2020…What a year, the pandemic brought us a new normal, a normal that as a creative, arts lover and secret Hip-Hop mosh pit head, I really found hard accept. The absence of live music and productions has been the most difficult thing for many of us, and also a testament to the positive influence the arts has on our well-being.
As a day one supporter of Breakin’ Convention, the powerhouse behind the hip-hop theatre revolution and all of the work produced by artistic director Jonzi D, the cancelled shows and our favourite annual park jam were amongst some of our most missed events of 2020. So when we came to know that there was going to be a very special ‘Social DisDancing’ edition, an actual LIVE show, we knew there was no way we could miss this.
Breakin’ Convention has always brought us the feels, empowering us through innovative and inspiring dance, it is a strong part of Hip-Hop culture, and since 2004 has been providing incredible dancers with a platform to express and create.

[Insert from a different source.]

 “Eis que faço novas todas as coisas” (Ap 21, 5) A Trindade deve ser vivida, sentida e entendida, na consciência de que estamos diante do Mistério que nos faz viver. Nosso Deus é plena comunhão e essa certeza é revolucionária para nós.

Walking into the Sadlers Wells theatre for ‘Social Disdancing’ felt like a part of me had been restored, yes we now have restaurants and shops open, but the missing part of my world was being able to walk into a venue and be transformed into a whole new artistic dimension. Though things were slightly different, masked up, fewer seats, and a lot of empty space…ironically with the social distance setting I had never felt closer to those on stage than any time before.

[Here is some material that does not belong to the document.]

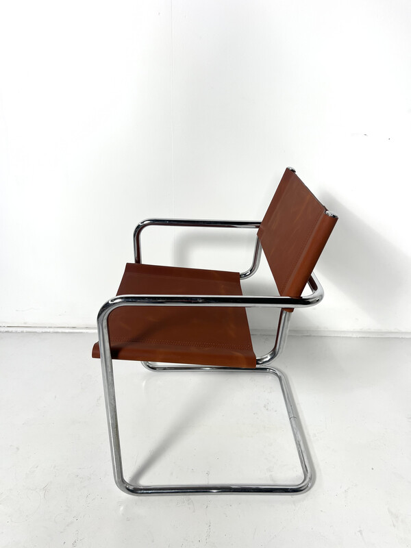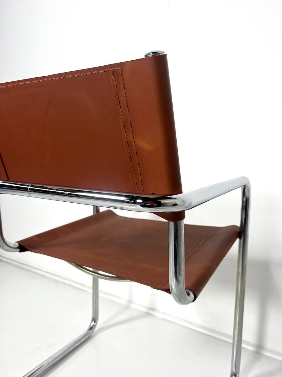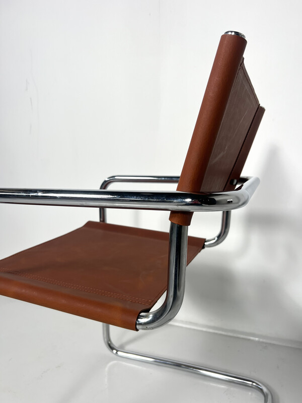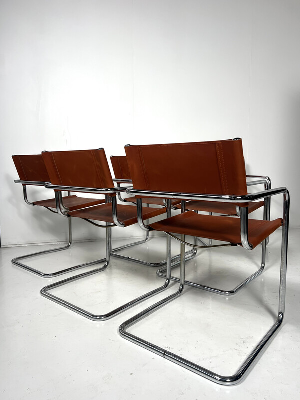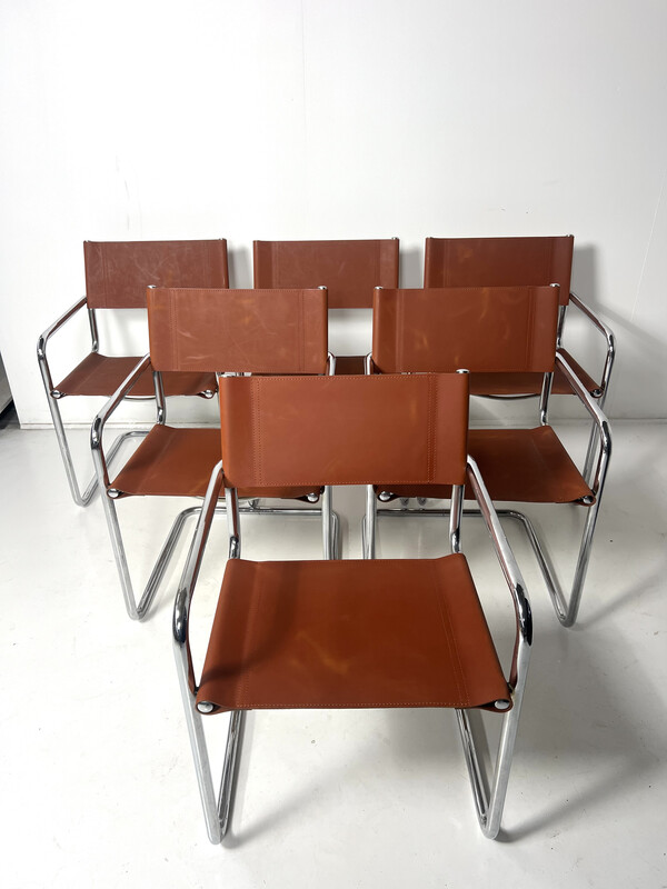 Mid-Century Modern Set of 6 Armchairs, Chrome and Leather,

The show opened with a powerful monologue from Jonzi D, speaking on the events of 2020 we felt how at home he was on that stage and his presence alone set the tone for the rest of the show.

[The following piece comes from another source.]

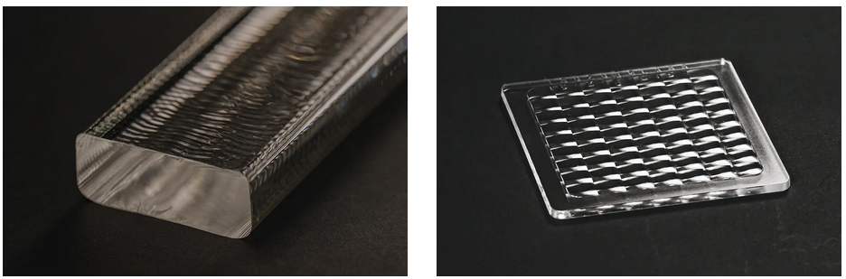 この技術により、非球面レンズや異形レンズ、両面成型レンズに加え、複数のレンズ機能を一体化したレンズアレイやマイクロレンズアレイなどの高度な光学部品を、低コストかつ安定した品質で提供している。

First on the stage was a piece by A.I.M Collective, an all-female popping group. Entitled Suspended, it explored the feeling of being standstill, stuck on your thoughts until you eventually find the resilience to stand tall. Illustrated with slow movement to ‘Fire Fly’ by J‑E-T‑S the piece evolved into a 80s soul jam as we were treated to a brighter more uplifting movement to Cheryl Lynn’s Encore.
The show was a mixture of both film and live dance, the film was to keep us engaged whilst the stage was being disinfected in between acts. We were treated to the powerful visuals from Far From The Norm ‘Can’t Kill us all’, a collaboration from 3 original voices working in hip hop theatre: dance artist Botis Seva, film maker Ben Williams and composer Torben Lars Sylvest. ‘Can’t Kill Us All’ explored the mental state of one man during the lockdown, an emotional watch that takes us on a monotonous journey through the dark, from deterioration to finding peace.
The curtains opened to welcome the second live performance of the evening, a London premier for Birmingham based O’Driscoll Collective, a captivating duet exploring mental health through duality. The performance highlighted just how therapeutic dance is in releasing our inner battles as the duet beautifully embodied the battles within our mind.
The second film of the evening was a very special piece by Jonzi D himself, his directorial debut a reaction to George Floyd’s murder and an ode to Black womanhood ‘Our Bodies Back’. Featuring a piece by acclaimed American poet and performance artist Jessica Care Moore, the film was choreographed and performed by Axelle ‘Ebony’ Munezero in Canada; Bolegue Manuela in Germany and Nafisah Baba in UK. ‘Our Bodies Back’ highlights the realities of racism, and sexual violence whilst honouring the Black lives lost through spoken word and dance.
Breakin’ Convention favourites Boy Blue were the last act of this special evening, ending the show with a larger than life performance. The collective brought to life just exactly what we love about Hip-Hop theatre, the empowerment behind break dance, the ability to use movement to act as a voice for the voiceless.
Social Disdancing was our break away from the virtual world, all the zooms and the online festivals. The power of dance came to life accompanied with sound and beautiful soft lighting throughout. Through movement and imagery, we were home, back to the heart of Breakin’ Convention, a celebration of live Hip-Hop theatre away from the outside world that is so far away from our normal.